With all these changes, formatting is now up to twice as fast, and sometimes more. But is it as fast as it can get? I decided to compare with the reliable strftime in the C standard library. On my 2016 MBP, running strftime with a simple %I:%M %p format (hour:minute am/pm), it can do a million formatting operations in around 630 ms. Doing the same with ICU 74.2 (before the optimizations, using the equivalent hh:mm a format), it took almost three times as long at 1700 ms. And now, with the recently released ICU 75.1 which includes all the mentioned optimizations, it takes around 800 ms, making it more than twice as fast as before.

Back to Node.js

With the recently released versions 20.13 and 22.1 these changes have made their way back to Node.js. To try them out, I ran a simple benchmark comparing 20.13 (ICU 75) and 18.20 (ICU 74). The official releases from the Node.js website (such as the ones obtained via nvm) bundle the ICU library in the same binary. If you get Node.js from your package manager, it might use the system ICU library which might not be the latest version. To check which version Node.js uses, run node -p process.versions.icu. Finally, let’s check if Intl.DateTimeFormat is faster as expected:

const fmt = new Intl.DateTimeFormat("en-US", {
  hour: "2-digit",
  minute: "2-digit",
  hour12: true,
});
const date = new Date();
fmt.format(date); // Warmup - the first run is much slower
console.time("format");
for (let i = 0; i < 1_000_000; i++) fmt.format(date);
console.timeEnd("format");

Running this script, I get 2100 ms for Node.js 18 and 1300 ms for Node.js 20 — a 1.6x improvement.

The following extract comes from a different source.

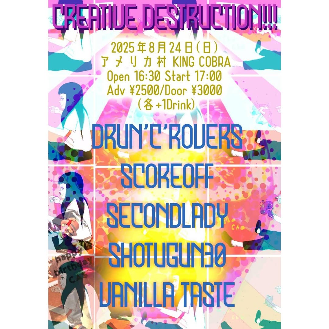8/24 CREATIVE DESTRUCTION!!! Aug 24, 2025 アメリカ村KING COBRA Source secondlady 8/24 CREATIVE DESTRUCTION!!! OPEN 16:30 START 17:00 ADV ¥2,500 DOOR ¥3,000 DRUN’C’ROVERS SCOREOFF SECONDLADY SHOTGUN30 VANILLA TASTE

For something closer to production use, let’s try a few thousand calls to Date.toLocaleString, which includes both date and time fields, and ensure that it’s thoroughly warmed up, simulating a long-running application:

const d = new Date();
for (let i = 0; i < 100_000; i++) d.toLocaleString(); // Warmup
console.time("format");
for (let i = 0; i < 10_000; i++) d.toLocaleString();
console.timeEnd("format");

In this case, we get a 2x improvement, with Node.js 18 taking 36 ms and Node.js 20 taking just 18 ms, making it twice as fast.